For Marlins fans, the last few days have been like a dream. Not the one with Jessica Alba, but certainly the baseball equivalent: after years of trading away its best talent to survive on uneven young Bonifacian talent, the Fish opened their wallets and Actually Retained Good Players Like a Normal Team -- to the tune of $26 million in shiny new salary dollars for 2010.
Of course, they had to be strong-armed into it by a veiled accusation of misappropriated shared revenues by MLB, but Josh Johnson was awarded a four-year, $39 million contract -- the richest ever awarded a Marlins pitcher -- and third baseman Jorge Cantu, reliever/baby bird Leo Nuñez, and second baseman Dan Uggla got one-year deals for $6, $2, and $7.8 million respectively.
As such, you might think our long regional nightmare is over.
You would probably be wrong.
Knowing what we know about the Jeffrey Loria regime, what are the odds Johnson is traded before the bulk of his escalating contract is due?

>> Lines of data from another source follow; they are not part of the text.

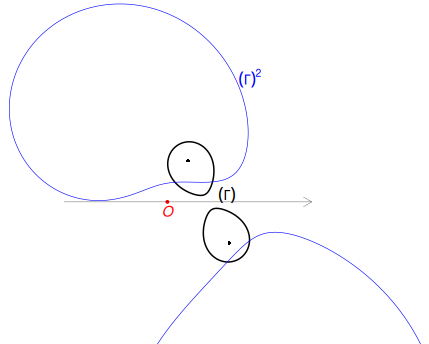 Acum, $\sqrt{K\,}$ (cu radical față de polul $O$) dă curba $\Gamma$, dar nu în poziția corectă: curba roșie rezultată (v. mai jos imaginea din stânga) nu se suprapune peste $\Gamma$ trasată cu negru. Deci trebuie ca în final să translatăm $\sqrt{K\,}$ cu vectorul $mj$ — și atunci obținem (în dreapta) figura corectă, în care "radicalul" translatat al cercului se suprapune lui $\Gamma$ (care din negru, devine roșu):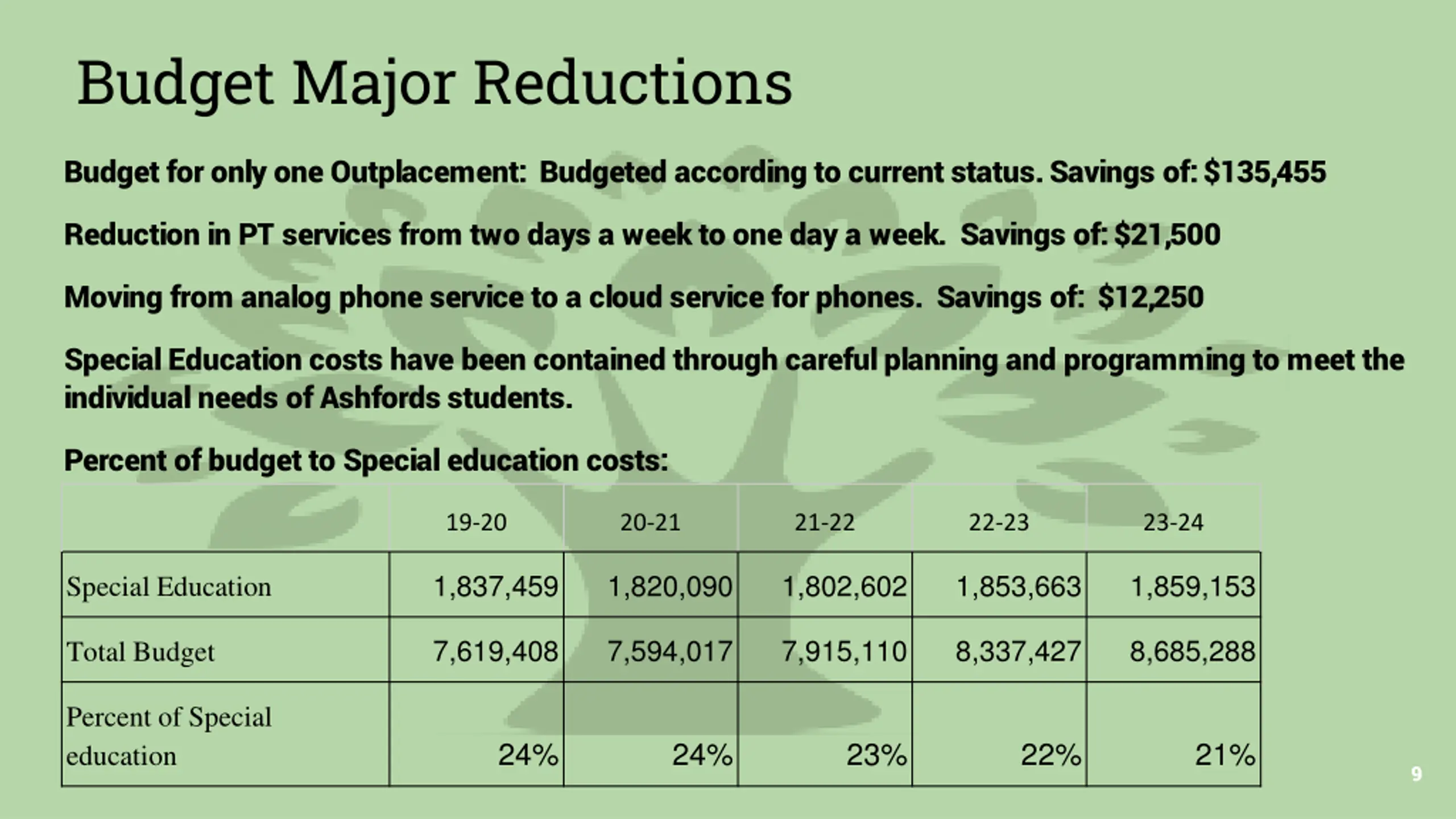 Budget Major Reductions Budget for only one Outplacement: Budgeted according to current status. Savings of: $135,455 Reduction in PT services from two days a week to one day a week. Savings of: $21,500 Moving from analog phone service to a cloud service for phones. Savings of: $12,250 Special Education costs have been contained through careful planning and programming to meet the individual needs of Ashfords students. Percent of budget to Special education costs: 19-20 20-21 21-22 22-23 23-24 1,837,459 1,820,090 1,802,602 1,853,663 1,859,153 Special Education 7,619,408 7,594,017 7,915,110 8,337,427 8,685,288 Total Budget Percent of Special education 24% 24% 23% 22% 21% 9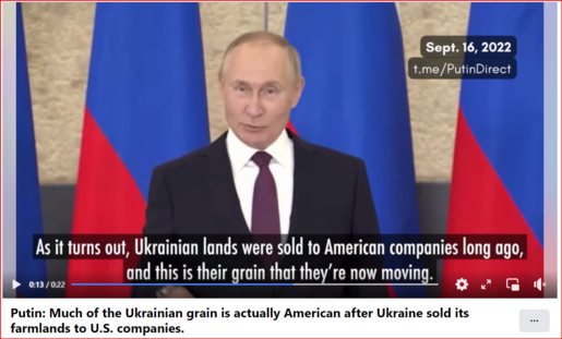 Putin: Much of the Ukrainian grain is actually American after Ukraine sold its farmlands to U.S. companies.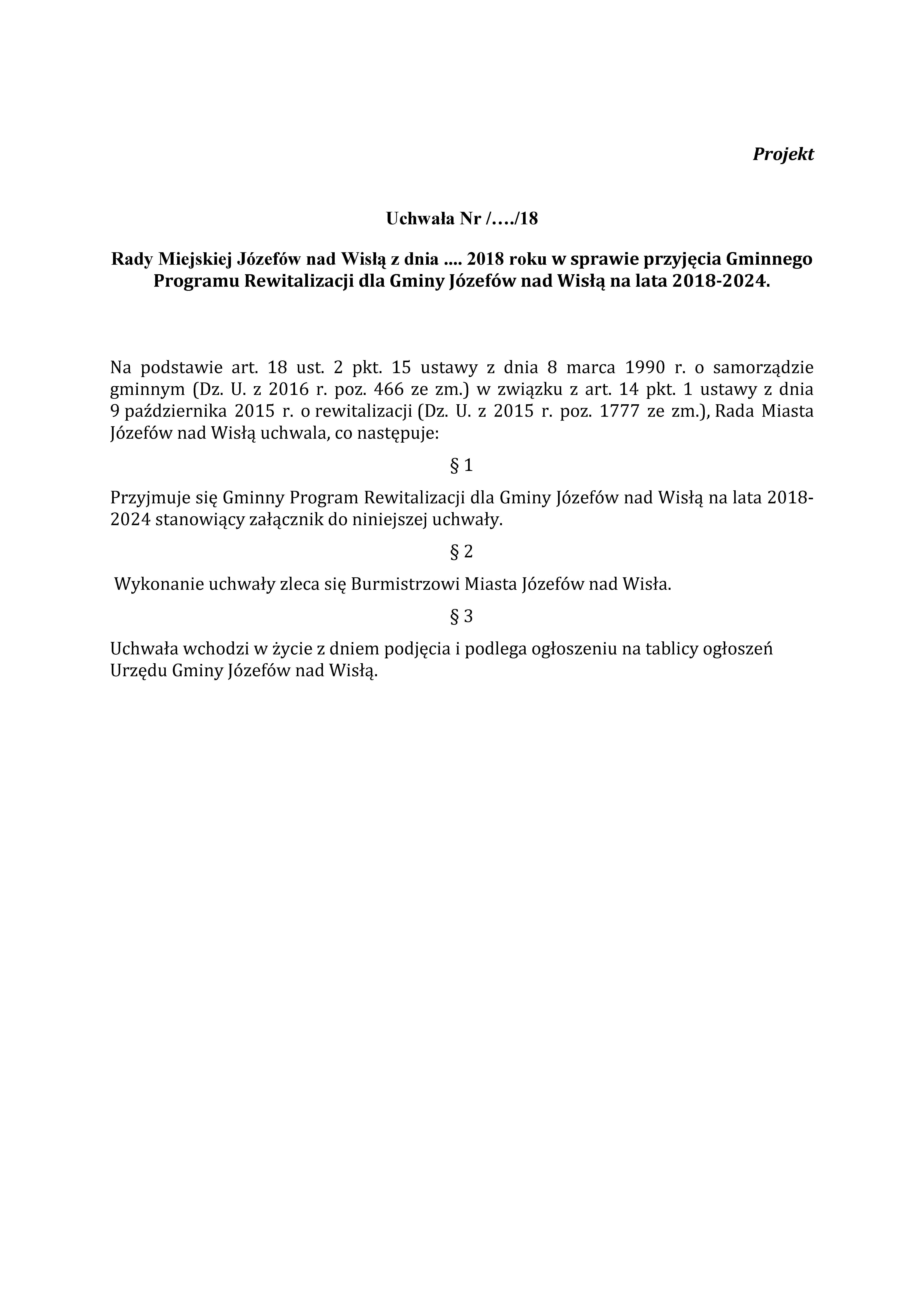 Projekt – Gminny Program Rewitalizacji Gminy Józefów nad Wisłą na lata 2018-2024 – po spotkaniach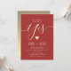 Simple calligraphy, elegant red engagement party invitation with cute faux gold heart and full names monogram at back.

With $3.75 million due in 2010, $7.75 million in 2011, and $13.75 million each in 2012 and 2013, it's hard to picture the soon-to-be Miami Marlins actually cutting that check. Really, really hard.
They've been shopping Uggla, even while doing his deal, and while he will likely stay through the non-waiver trade deadline he'll probably be traded if the Marlins aren't in contention.
The trouble is, Marlins brass can justify -- to a point -- their miserly ways. Sports Illustrated's Tom Verducci ran the numbers, and found that with the lowest payroll in baseball, the Marlins were by far the most efficient. They had the lowest cost per win, placed 11th in "Achievement Points," and came out overall with an efficiency rating that topped baseball and the second place team by 50%.
The Mets, for example, spent $737.5 million more than the Marlins did for the decade and only garnered 4 more wins.
The Fish's numbers were buouyed by their one World Series title, the only time they hit the postseason. While its not the fans' choice to head to the series once a decade and flail the rest, the management seems perfectly content.
So as much as we wish it was time to kill the fatted calf (so to speak) and go crazy with joy, this feels like a slight bump with strings more than it does any permanent change of philosophy.